Work required:
Transcribe all the data below exactly, leaving its pictures out.

Input:

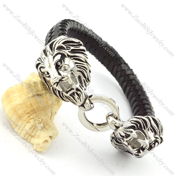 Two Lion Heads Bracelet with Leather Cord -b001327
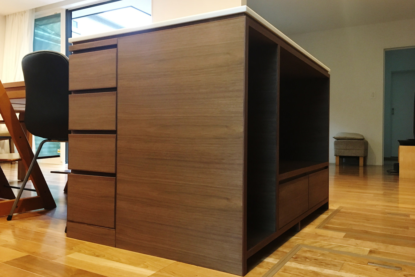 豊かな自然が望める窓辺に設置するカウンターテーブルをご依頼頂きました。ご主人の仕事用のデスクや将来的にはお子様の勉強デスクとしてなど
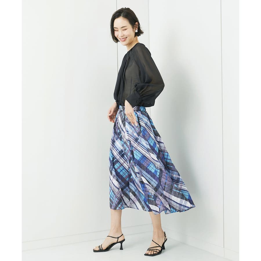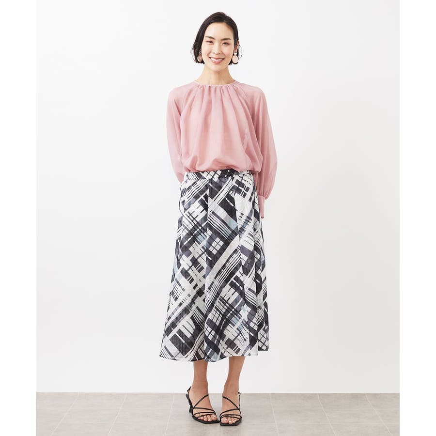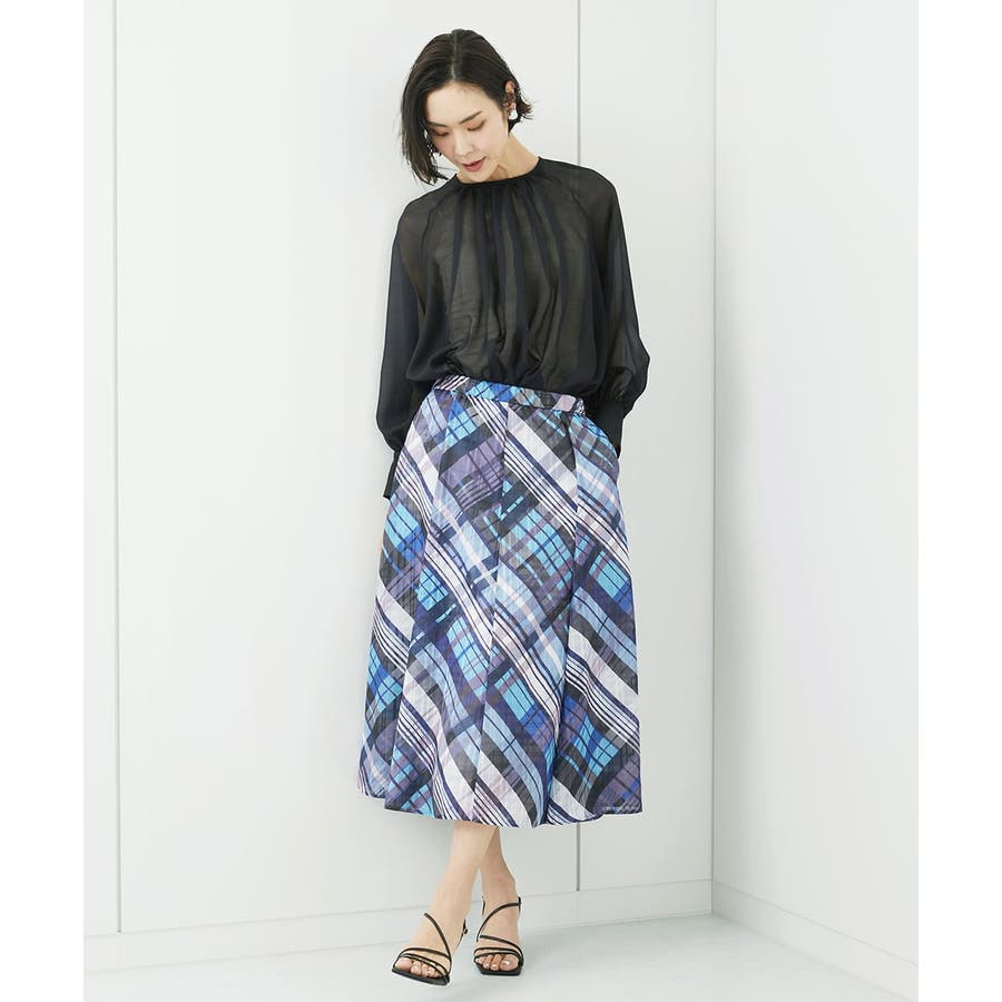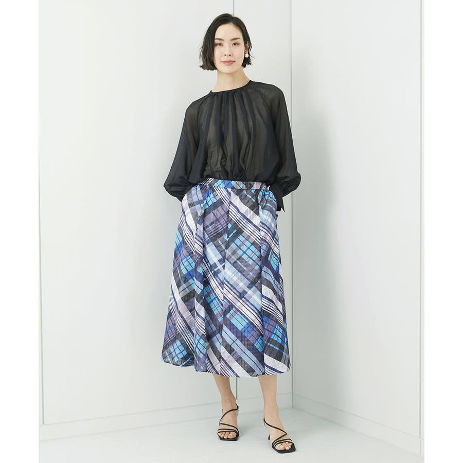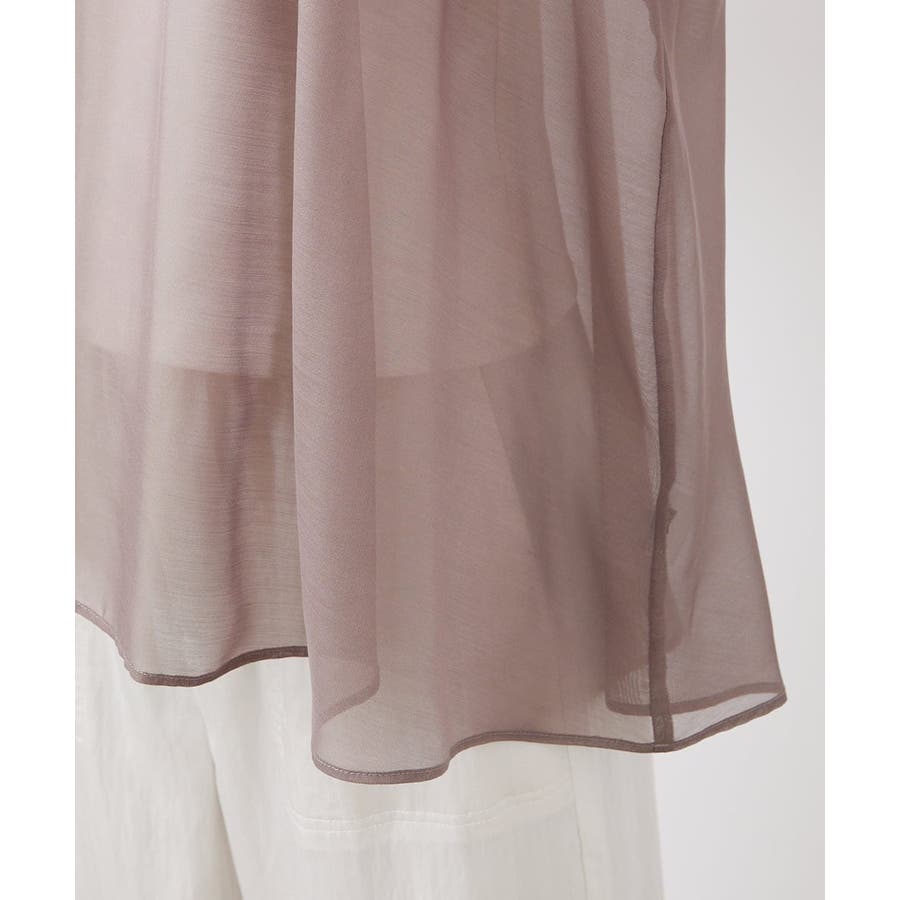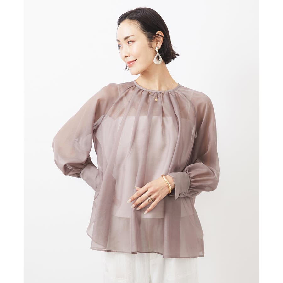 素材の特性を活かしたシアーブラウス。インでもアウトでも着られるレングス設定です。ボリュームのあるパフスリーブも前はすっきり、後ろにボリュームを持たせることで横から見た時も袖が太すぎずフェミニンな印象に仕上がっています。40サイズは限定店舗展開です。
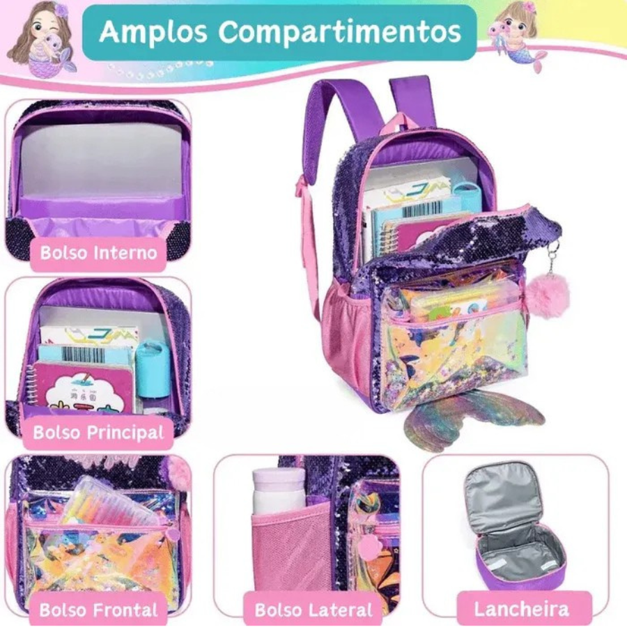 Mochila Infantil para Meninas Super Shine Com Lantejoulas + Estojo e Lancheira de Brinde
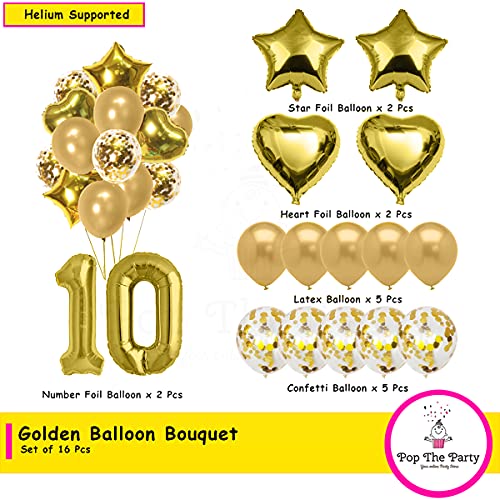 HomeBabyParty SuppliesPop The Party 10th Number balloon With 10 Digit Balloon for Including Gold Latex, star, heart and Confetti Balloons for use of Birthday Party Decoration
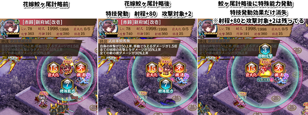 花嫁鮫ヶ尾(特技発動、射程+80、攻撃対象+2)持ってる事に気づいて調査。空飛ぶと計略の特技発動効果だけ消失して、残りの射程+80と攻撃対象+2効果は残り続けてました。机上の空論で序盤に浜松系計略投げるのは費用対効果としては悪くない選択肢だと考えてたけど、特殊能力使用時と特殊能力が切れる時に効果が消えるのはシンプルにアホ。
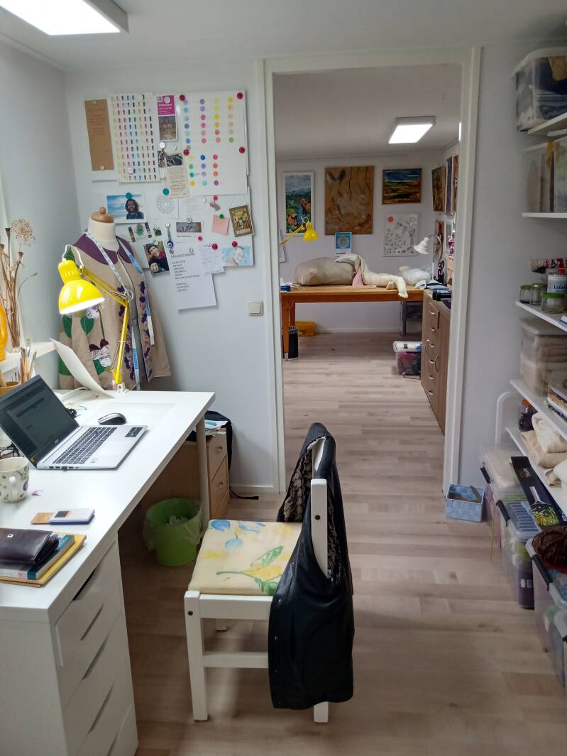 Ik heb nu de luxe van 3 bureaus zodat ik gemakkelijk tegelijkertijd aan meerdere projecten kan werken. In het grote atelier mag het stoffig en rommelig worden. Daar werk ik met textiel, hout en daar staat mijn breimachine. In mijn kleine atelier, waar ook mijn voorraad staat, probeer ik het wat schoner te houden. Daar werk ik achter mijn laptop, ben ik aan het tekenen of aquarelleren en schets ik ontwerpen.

Task output:
 Two Lion Heads Bracelet with Leather Cord -b001327
 豊かな自然が望める窓辺に設置するカウンターテーブルをご依頼頂きました。ご主人の仕事用のデスクや将来的にはお子様の勉強デスクとしてなど
 素材の特性を活かしたシアーブラウス。インでもアウトでも着られるレングス設定です。ボリュームのあるパフスリーブも前はすっきり、後ろにボリュームを持たせることで横から見た時も袖が太すぎずフェミニンな印象に仕上がっています。40サイズは限定店舗展開です。
 Mochila Infantil para Meninas Super Shine Com Lantejoulas + Estojo e Lancheira de Brinde
 HomeBabyParty SuppliesPop The Party 10th Number balloon With 10 Digit Balloon for Including Gold Latex, star, heart and Confetti Balloons for use of Birthday Party Decoration
 花嫁鮫ヶ尾(特技発動、射程+80、攻撃対象+2)持ってる事に気づいて調査。空飛ぶと計略の特技発動効果だけ消失して、残りの射程+80と攻撃対象+2効果は残り続けてました。机上の空論で序盤に浜松系計略投げるのは費用対効果としては悪くない選択肢だと考えてたけど、特殊能力使用時と特殊能力が切れる時に効果が消えるのはシンプルにアホ。
 Ik heb nu de luxe van 3 bureaus zodat ik gemakkelijk tegelijkertijd aan meerdere projecten kan werken. In het grote atelier mag het stoffig en rommelig worden. Daar werk ik met textiel, hout en daar staat mijn breimachine. In mijn kleine atelier, waar ook mijn voorraad staat, probeer ik het wat schoner te houden. Daar werk ik achter mijn laptop, ben ik aan het tekenen of aquarelleren en schets ik ontwerpen.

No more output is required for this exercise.